If you want to do this for yourself you are going to need to create a GitHub pages repository first. The easiest way to do this is create a repo from the website with the name <username>.github.io. Once this has setup you can access the site from the url http://<username>.github.io. It takes about 10 minutes or so to setup initially so don’t get too hung up when it doesn’t appear straight away. GitHub have also helpfully produced a guide.

At this point if you have your own domain that you want to use instead then you can set that to point at your Github pages site. The way I did this was to set the CNAME on my domain to point to the Github pages url setup in the last step, and then create a file called CNAME wihin your github pages repository, with just the url of the domain that you are pointing at your account and again wait a few minutes and it will spring into life. If you don’t add the CNAME file then you will just see the Github 404 page so it is essential you add this. For reference this is my CNAME file

Once that is all setup you can then install Jekyll into your repository. I found it easier to start with Jekyl Bootstrap as I was planning on using Boostrap anyway. This guide will give you step by step instructions on how to do this. To summarise, it’s just a matter of downloading the code from GitHub and then pushing it up to your pages repository.

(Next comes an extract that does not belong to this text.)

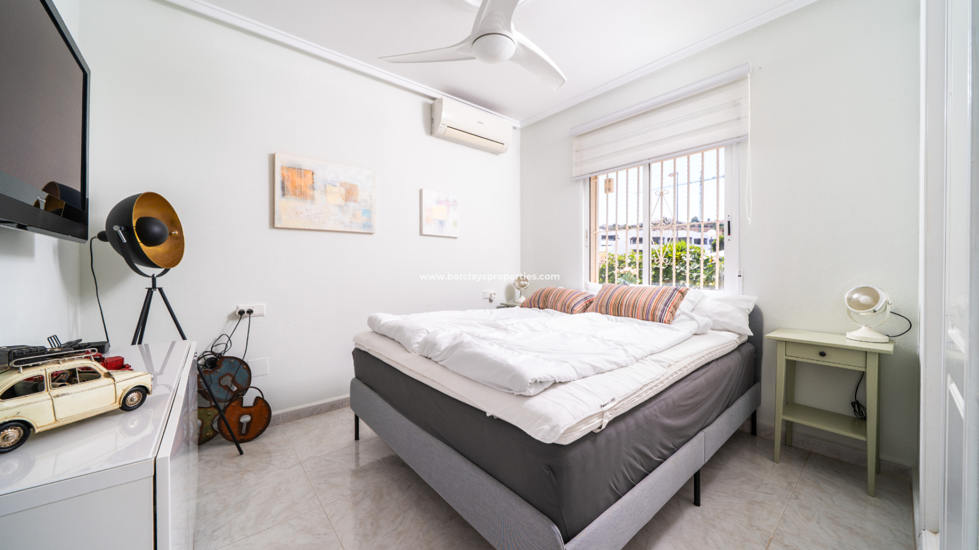 El dormitorio principal incluye un armario empotrado doble, ventilador de techo y aire acondicionado. El segundo dormitorio con almacenaje integrado y aire acondicionado también tiene puertas que dan directamente a la zona de la piscina. El baño cuenta con bañera de tamaño completo con ducha, inodoro, bidé y un moderno lavabo.

Now Jekyll is setup you can customise it as you want. It’s really easy to customise once you know how it all fits together. At the time of writing it was still running on Boostrap 2.x so I moved it up to 3.3 and customised the look a bit (for better or worse). It is also pretty useful to install Jekyll locally to test your site before you push it up to Github. Installation is done via Gem so if you are on a mac, Ruby should already be installed otherwise you will probably need to install it. Once installed just run:

gem install Jekyll

Then from the folder your Jekyll site is located you can build it with:

jekyll build

and you can test it with:

jekyll serve

The site should then be accessible from localhost:4000. You then have a globally accessible site with a local environment for testing.